ArtifactClassifier-pySEAS

Collection of scripts utilized to classify artifact components vs neural signal from Independent Components that are outputs from pySEAS.

Publication: Weiser SC, Mullen BR, Ascencio D, Ackman JB (2023) Data-driven segmentation of cortical calcium dynamics. PLOS Computational Biology 19(5): e1011085. https://doi.org/10.1371/journal.pcbi.1011085

pySEAS: https://github.com/ackmanlab/pySEAS

Full datasets (not just the metrics in this repository): Weiser, S, Mullen, BR, Ackman, J (2023), Data-driven segmentation of cortical calcium dynamics, Dryad, Dataset, https://doi.org/10.7291/D1N96W

Data utilized in the Machine Learning section of our PLoS Computational Biology paper

Metric training datasets were 7 full datasets randomly selected out of 12 full datasets.

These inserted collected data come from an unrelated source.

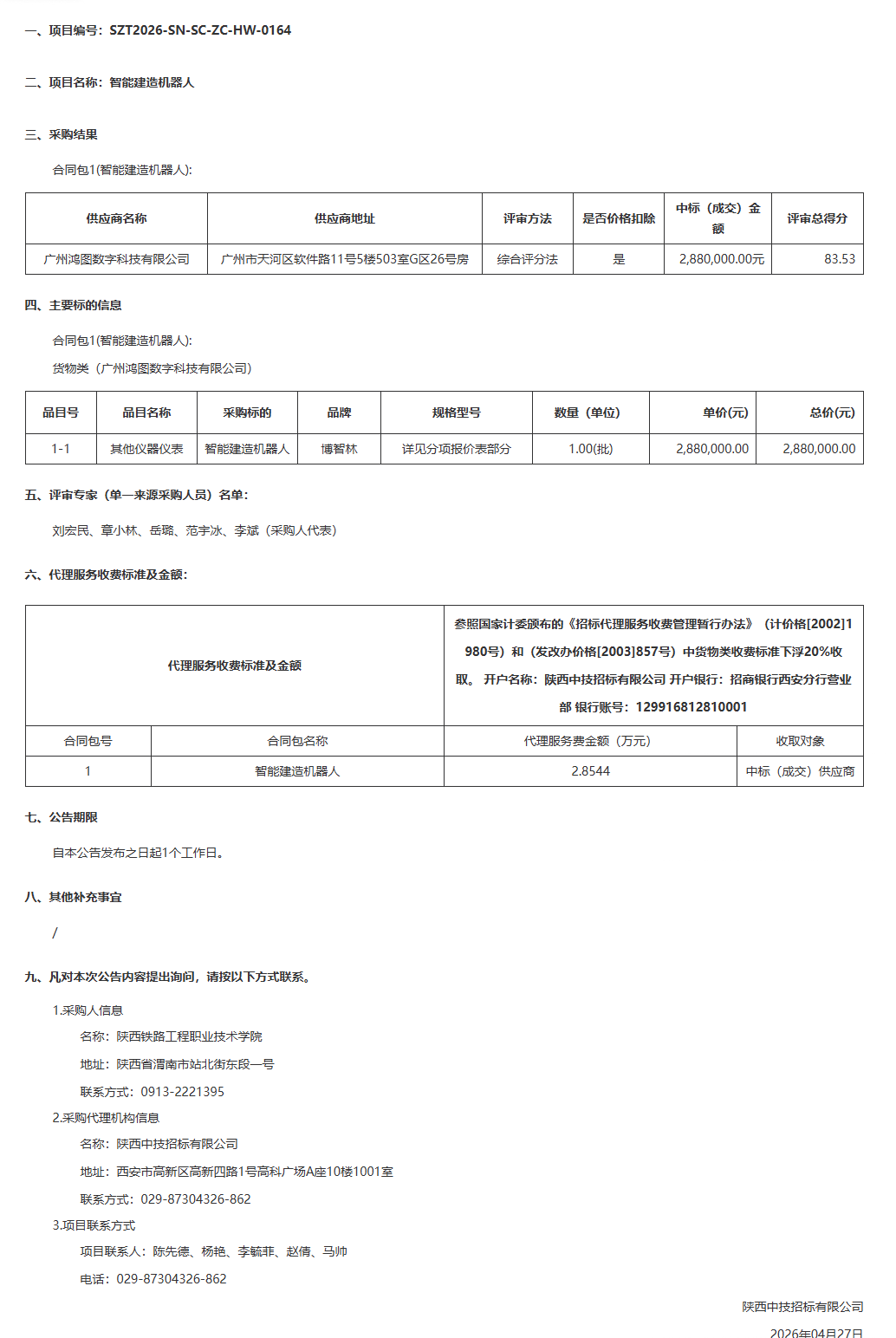 陕西铁路工程职业技术学院智能建造机器人中标(成交)结果公告
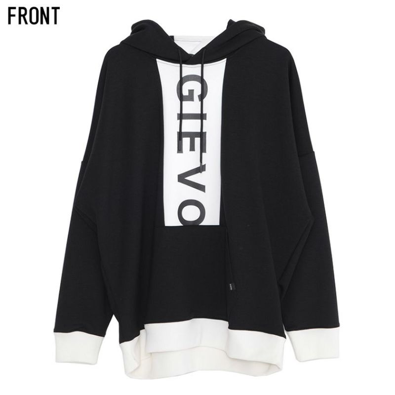 バックからフードにかけてと、フロント部分に大きなロゴプリントを施したインパクト抜群の長袖パーカー。
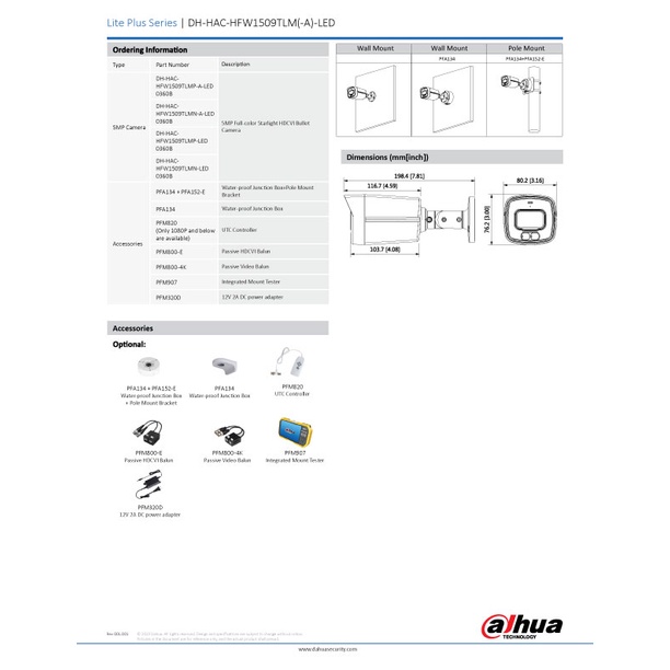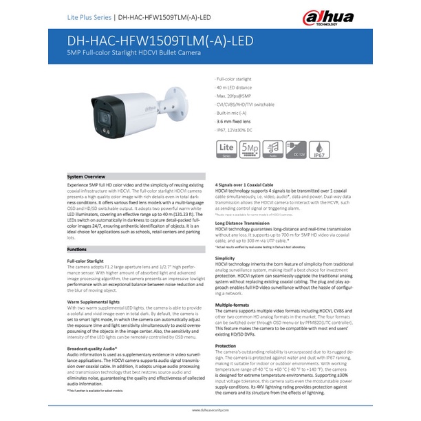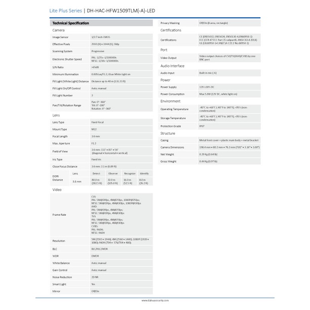 [7.25]มีส่งด่วน!! DAHUA รุ่น DH-HAC-HFW1509TLMP-A-LED 5MP ภาพสี 24 ชม. กล้องวงจรปิด
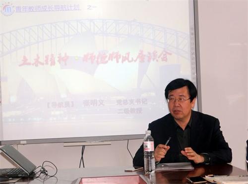 为落实2017年党委、行政工作要点任务,加快人才队伍建设步伐,加强师德师风建设,5月4日青年节之际,土木学院党总支书记张明义与近三年入职的青年教师畅谈土木精神、师德师风,正式启动“青年教师成长导航计划”。
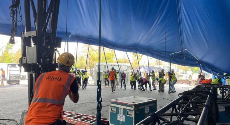 This involved deploying a huge canvas stretched to a height of almost 20 m using the single force of the arms of 65 technicians. An operation that in reality is more impressive than actually complicated because the mechanics are well oiled, and the task of a few minutes at the expense of effort is greeted with “Good job” and a round of applause. The maneuvers primarily illustrate the extent of the logistics of this Canadian blockbuster touring the globe.
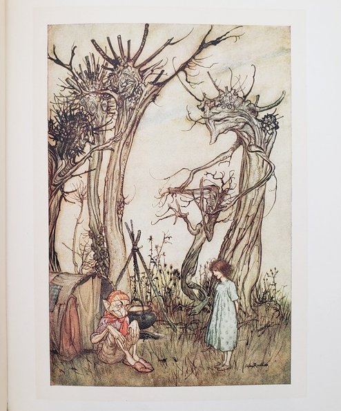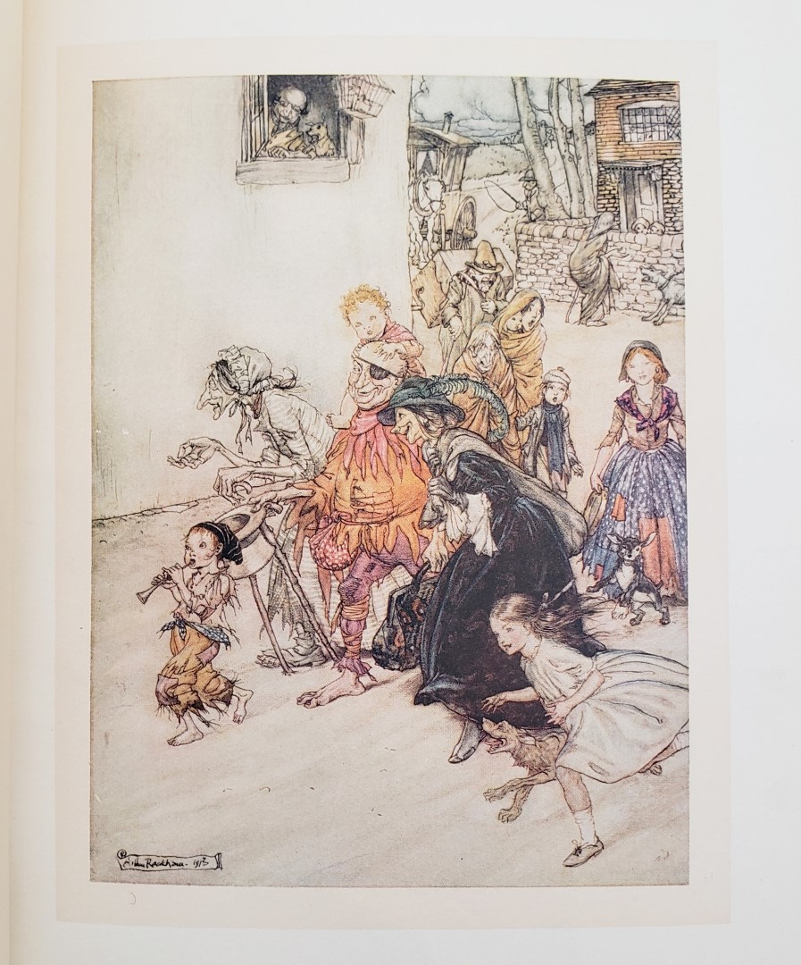 First trade edition. Small quarto, pp.159, xi, [1], [1]. Illustrated with 13 colour plates, including frontispiece, with tissue guards captioned in brown, and additional black and white illustrations throughout by Rackham. Bound in the original publishers’ pictorial cloth with cross stitch style titles and ornaments to upper board and. spine. Top edge blue. Illustrated endpapers.

Metric testing datasets is what we called the novel testing set. Wherein 5 completely new datasets that did not contribute to the model.

./data/training_dataset.tsv
./data/testing_dataset.tsv

Metrics generated from the control data are also saved in the data file:

#astrocyte GFP
aGFP_list = ['190613_01-02_600components_ica_metrics.tsv',
             '190613_03-04_600components_ica_metrics.tsv',
             '190329_02-03_600components_ica_metrics.tsv']

#microglia GFP       
mGFP_list =['171211_01-02_600components_ica_metrics.tsv',
            '191111_01-02_600components_ica_metrics.tsv',
            '191112_01-02_600components_ica_metrics.tsv']

#black 6 c57, non-transgenic mice
WT_list = ['190625_01-02_600components_ica_metrics.tsv',
           '190904_01-02_600components_ica_metrics.tsv',
           '190625_03-04_600components_ica_metrics.tsv']

Data visualization and machine learning tests

Included are some of the code used to generate a couple figures for the paper.

Figure4.1_scripts.ipynb/Figure4.2_scripts.ipynb: This is the core piece of code used to generate Figure 4 and several of the suplemental figures.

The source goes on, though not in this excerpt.